The text comes from the Openscriptures Hebrew Bible and is released under CC BY-NC 2.0.
I did not manage to correctly parse all the entries of the Openscriptures’s version of the BDB Lexicon, but it is better than nothing. Released under CC BY-NC 4.0 license.
Note that I had to configure the Kobo reader so that cre_storage_size_factor = 2 in order for the device not to try to refresh the cache each time it open the document.
- LXX (greek translation of the Hebrew Bible)
The original text comes from the University of Pennsylvania. There is no clear licensing information. It looks like the existing document does not really apply for a publicly available web document. It seems to be ok to distribute it for no commercial purpose.
The original text comes from the Sword Project’s SBLGNT module Copyright 2010 Logos Bible Software and the Society of Biblical Literature.
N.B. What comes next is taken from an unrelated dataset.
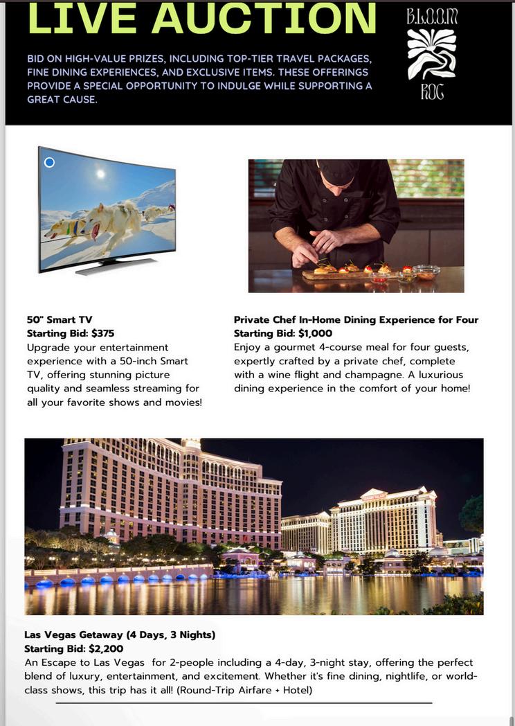 BID ON HIGH-VALUE PRIZES, INCLUDING TOP-TIER TRAVEL PACKAGES, FINE DINING EXPERIENCES, AND EXCLUSIVE ITEMS. THESE OFFERINGS PROVIDE A SPECIAL OPPORTUNITY TO INDULGE WHILE SUPPORTING A GREAT CAUSE.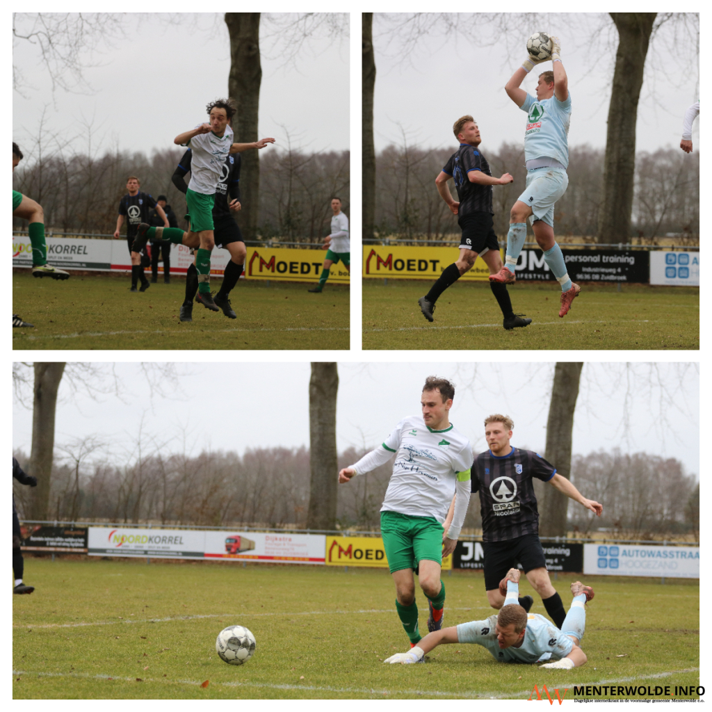 De koploper (26 uit 12, SC Scheemda 13-26, Pekela 11-24 en SV Mussel 12-24) was in de slotminuten zeer dicht bij de overwinning. Invaller Jip Molmans kon van dichtbij de bal tegen de touwen werken. Zuidema redde echter op katachtige wijze.

Free non-commercial distribution.
Note the article’s picture showing an entry of the Middle & Liddell dictionary for δράκων is a bit of a teaser: the Kobo device does not handle well inflections with dictionaries (except for Japanese, another of my target languages \o/), I just happen to ask for the definition of the word in the nominative so the dictionary found it, otherwise there is no real automatic lexicon access for Greek, nor for Hebrew.